For more information, see:

    o 0x25: KRB_AP_ERR_SKEW: Clock Skew too great later in this white paper.

    o Clock Skew network trace in Appendix A.

Resolution
For information about how to use an external time source to synchronize
all the computers in a domain, see “How to Configure an Authoritative Time
Server in Windows 2000” in the Microsoft Knowledge Base at
http://go.microsoft.com/fwlink/?LinkId=23042.
"""

	The reference above to "0x25: KRB_AP_ERR_SKEW: Clock Skew too great
        later in this white paper" refers to this:

"""
0x25 - KRB_AP_ERR_SKEW: Clock skew too great

Associated internal Windows error codes

    o STATUS_TIME_DIFFERENCE_AT_DC

Corresponding debug output messages

    o DebugLog(“Client asked for endtime before starttime\n”)
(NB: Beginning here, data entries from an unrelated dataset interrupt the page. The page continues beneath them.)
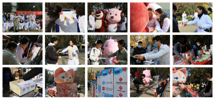 活动通过悬挂主题横幅、摆放防艾宣传易拉宝展版、发放宣传资料、现场宣教等方式展开。在各校区宣传点,医务人员及志愿者积极热情地向师生们发放防艾科普宣传册,现场为学生讲解防艾基本常识,解答同学们的疑问。现场还有可爱的“抱抱团”和围观同学热情拥抱。同学还穿上玩偶服扮演艾滋病感染者,为来往同学提供“艾”的抱抱,让同学们明白对艾滋病患者要多一点关爱,少一点歧视。活动现场,为激发参与热情,现场有青春红丝带志愿团、学生心理学协会、红十字协会、南洋青年志愿者协会、唐仲英爱心社等学生社团同步在校园开展宣传活动。活动设投壶等游戏与同学们轻松互动,并发放防艾宣传资料及小礼物,在防艾文创品发送中传递“防艾知识”,引导学生正确认识艾滋病、消除对艾滋病的恐惧。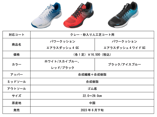 ヨネックス株式会社(代表取締役社長:アリサ ヨネヤマ)は、弊社独自の衝撃吸収性と反発性を合わせ持つ 「パワークッション®プラス」を搭載したシリーズ最軽量260g※1のクレー・砂入り人工芝コート用テニスシューズ「POWER CUSHION AERUSDASH 4(パワークッション エアラスダッシュ4)」を2023年6月下旬より発売いたします。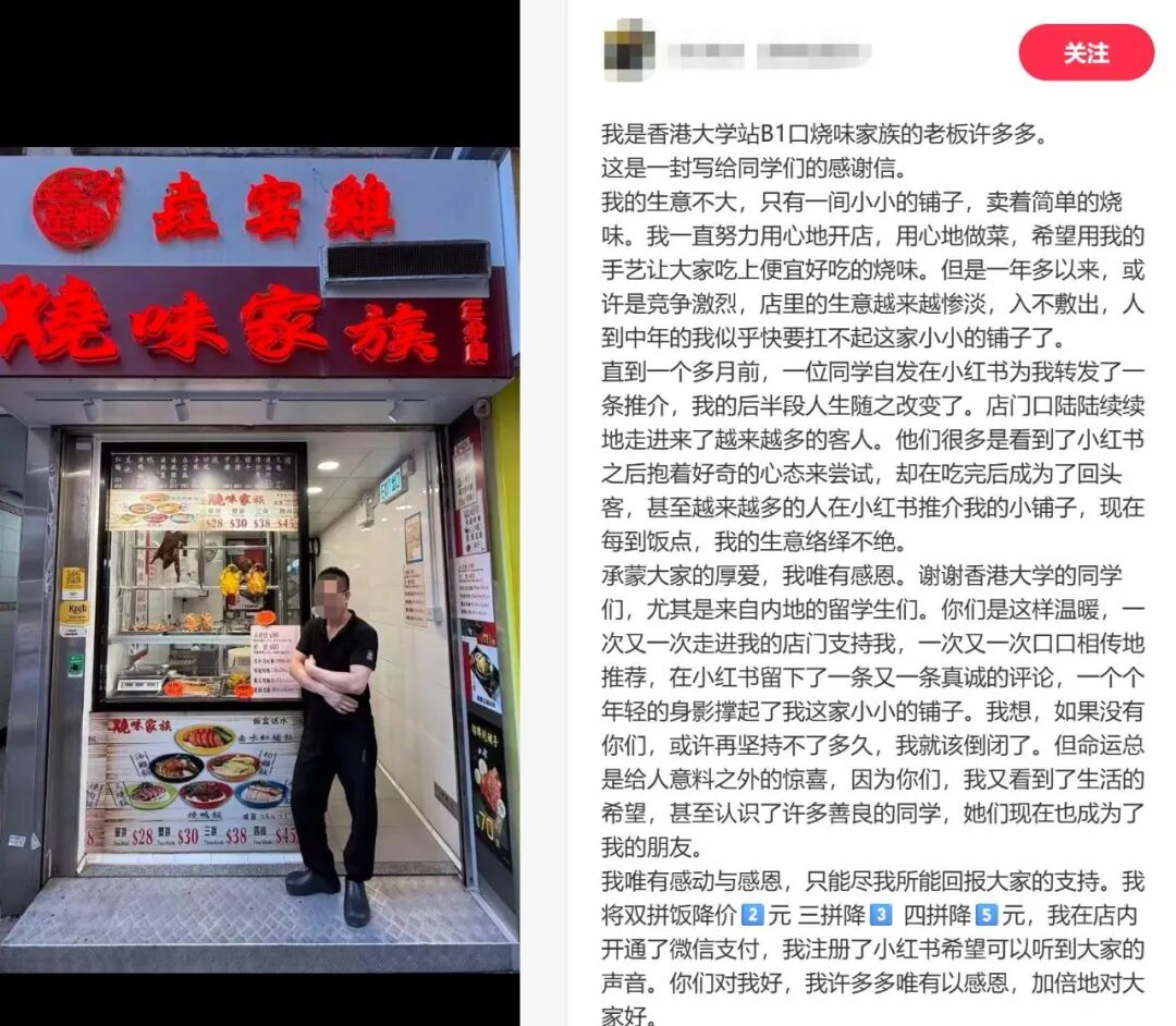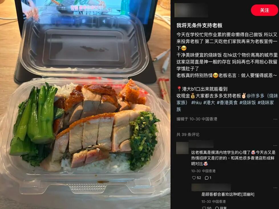转机来得猝不及防。一个多月以前,一个在港大读书的内地女学生随手发了条小红书:“发现港大附近最好吃的烧鸭饭!双拼才30港币,相当便宜。”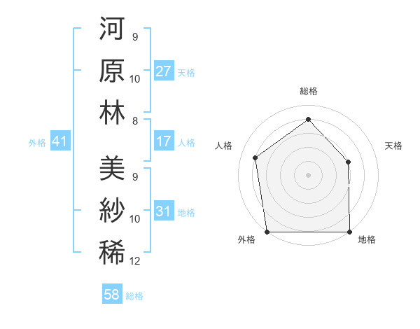 河原林 美紗稀さんを姓名の画数から五運を鑑定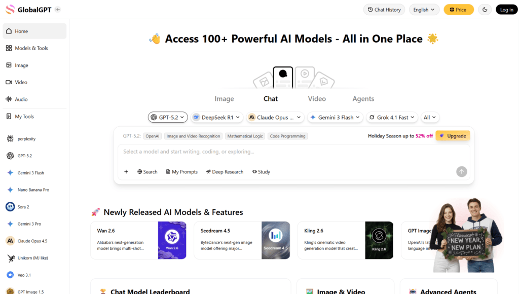 GlobalGPT is a comprehensive all-in-one AI platform that aggregates over 100 advanced AI models from providers like OpenAI, Anthropic, Google, xAI, and others into a single unified workspace.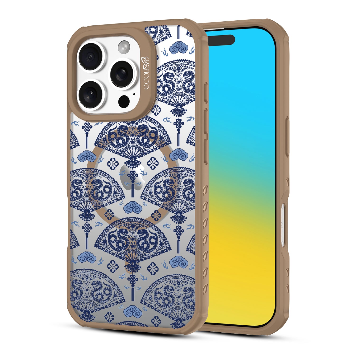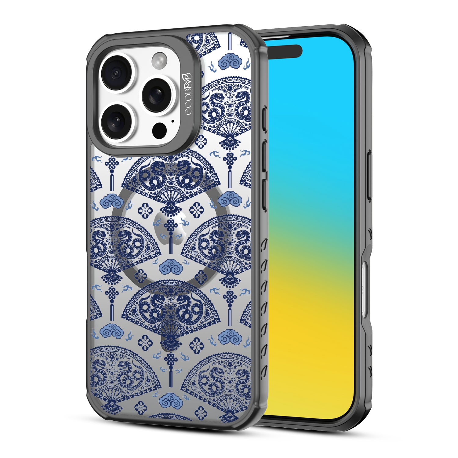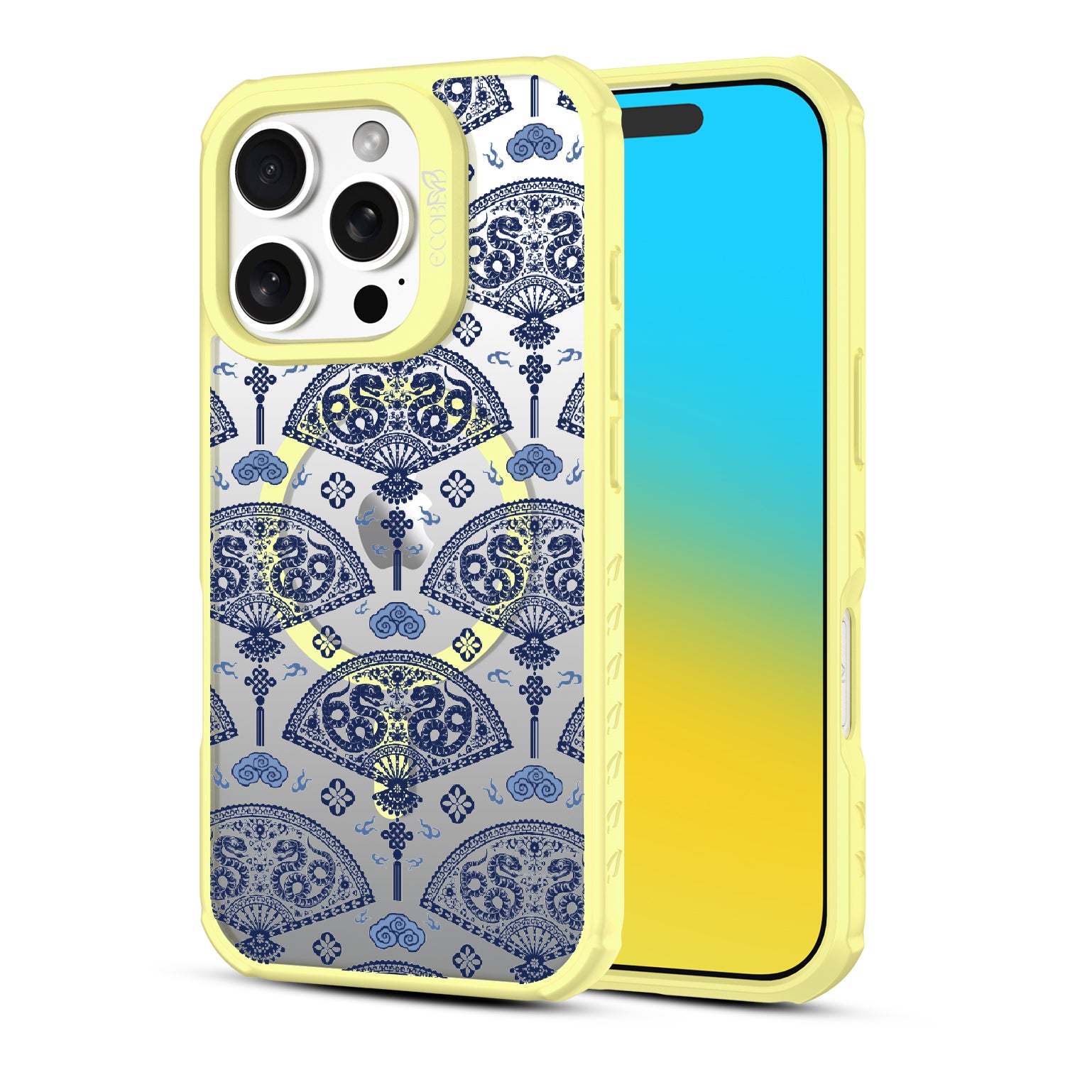 Let the winds of good fortune blow your way with the Fanning Fortune design on our Revive clear iPhone 16 Pro phone case. Golden serpents coil through beautifully detailed fans, a symbol of protection and prosperity for the Year of the Snake. The blue and yellow hues reflect the harmony between calmness and vitality, setting the tone for a year filled with new opportunities and growth.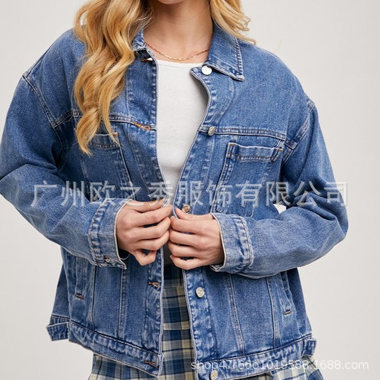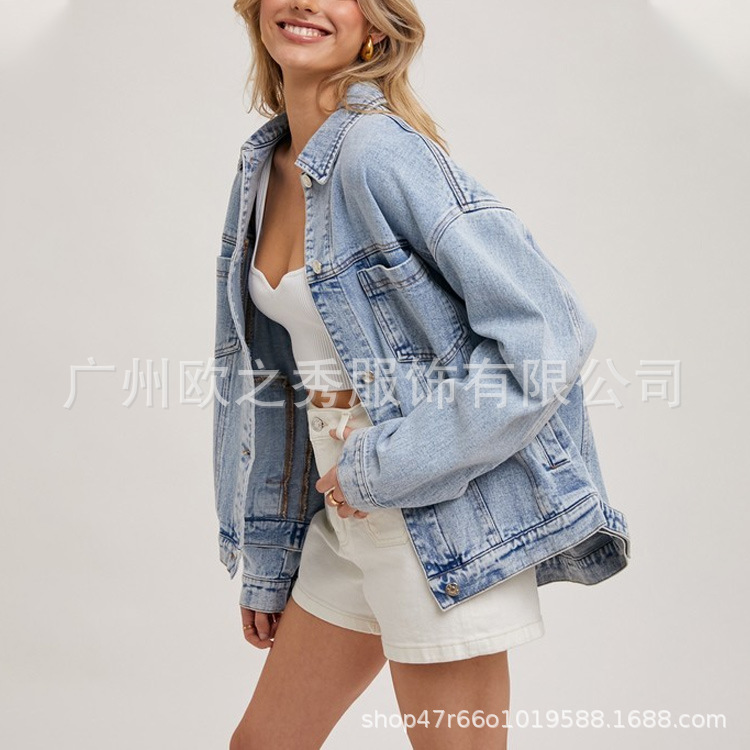Главная страница > 2025 новая европейская и американская джинсовая куртка для женщин, однотонная, свободного кроя, с длинными рукавами, потертая, с отложным воротником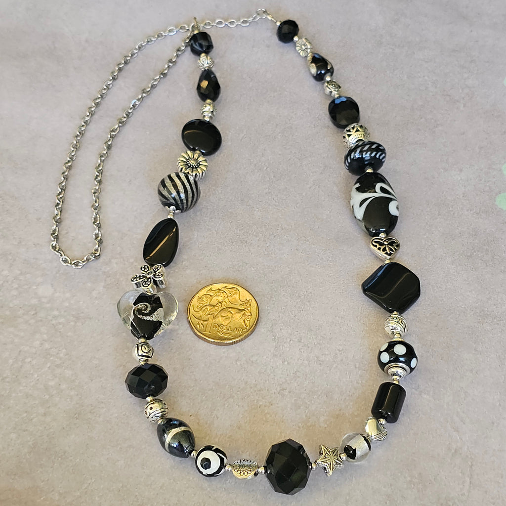 This stylish one-off black beaded necklace features a delightful assortment of plain black glass beads and black and white, or black and silver glass beads, including a Murano glass teardrop bead, with an assortment of base metal silver beads and small stainless steel beads.  It is completed with a length of stainless steel chain and measures approximately 74cm in length. The necklace is designed to go straight over the head.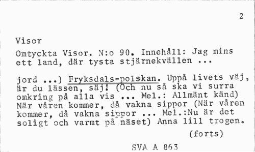 //// 2 //// Visor //// Omtyckta Visor. N:o 30. Innehåll: Jag mins ett land, där tysta stjärnekvällen ... //// jord ...) Fryksdals-polskan. Uppå livets väj, är du lässen, säj! (uch nu så ska vi surra omkring på alla vis ... Mel.: Allmänt känd) När våren kommer, då vakna sippor (När våren kommer, då vakna sippor ... Mel.:Nu är det soligt och varmt på näset) Anna lill trogen. //// (forts) //// QVA A Rfi-s; ////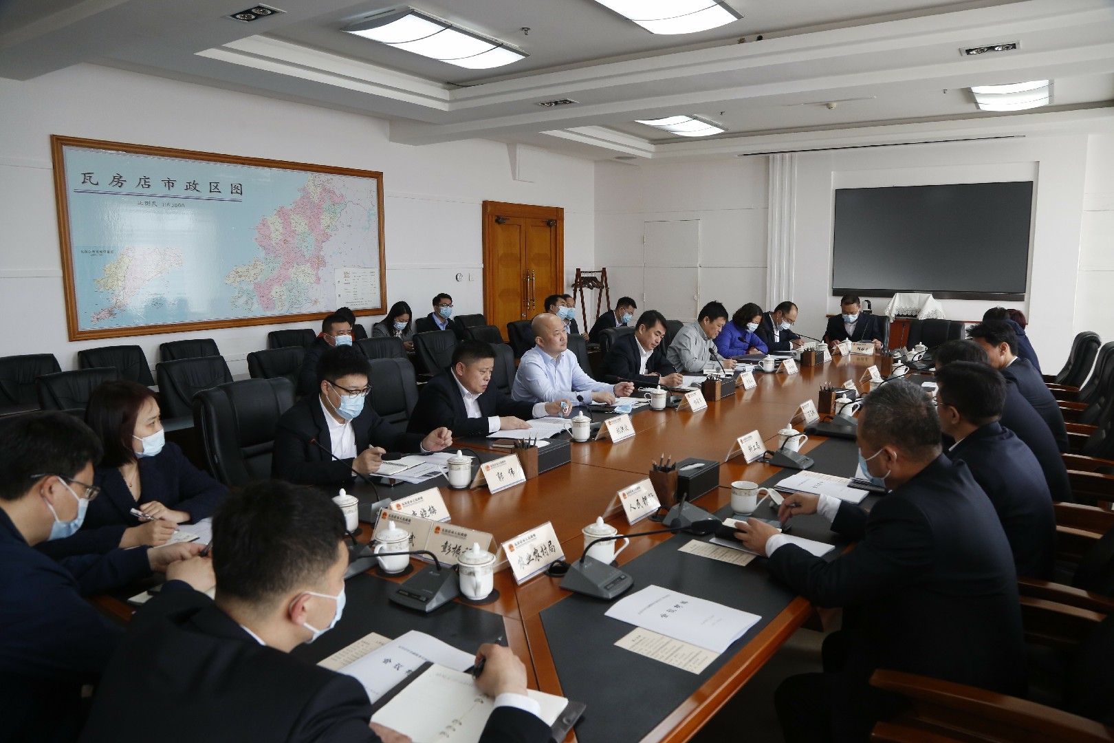 4月25日上午,我市召开金融服务实体经济洽谈会,市委副书记、代市长李巍与兴业银行大连分行等金融机构负责同志共聚一堂,围绕金融服务实体经济工作进行深入交流。市科工局、财政局、商务局、人民银行瓦房店支行等主要负责同志参加会议。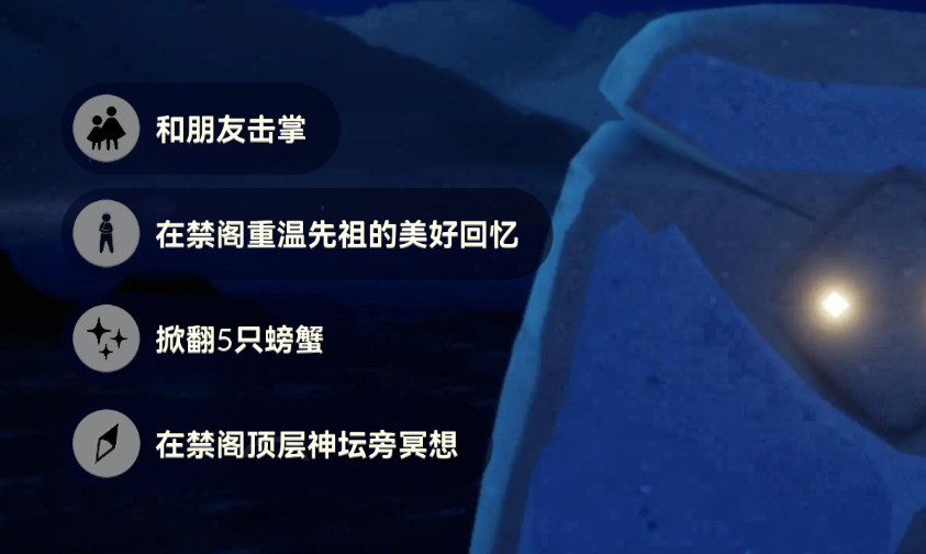 以上就是关于光遇11.4每日任务怎么做的全部内容了,今天的季节每日任务主要都刷新在禁阁,大家快和小伙伴们一起去完成任务吧~

Possible Causes and Resolution

This error is logged if a client computer sends a timestamp whose value
differs from that of the server’s timestamp by more than the number of minutes
found in the *Maximum tolerance for computer clock synchronization* setting
in Kerberos policy.

Although this error might show up in the logs, it will not prevent a user
from being authenticated. When this error is returned, the domain controller
also supplies the correct time on the domain controller. The Kerberos client
uses the correct domain controller time to attempt the authentication request
a second time. Presuming that the user’s credentials are valid, the user will
be authenticated on the second try.

    o This error can more commonly occur as the number of notebooks — that is,
      disconnected computers — in your network increases.

      Beware that the higher you set the value of the Maximum tolerance for
      computer clock synchronization setting, the more susceptible the network
      becomes to replay attacks.

      To set *Maximum tolerance for computer clock synchronization* Kerberos policy:

          1. Open the domain security policy by clicking Start, Programs,
             Administrative Tools, Local Security Policy.

          2. Click Account Policies, and then click Kerberos Policy.

          3. Increase the value for Maximum tolerance for computer clock synchronization.

          4. You can either wait for the policy change to propagate or you can run
             gpupdate /force on the client computers to force propagation immediately.
"""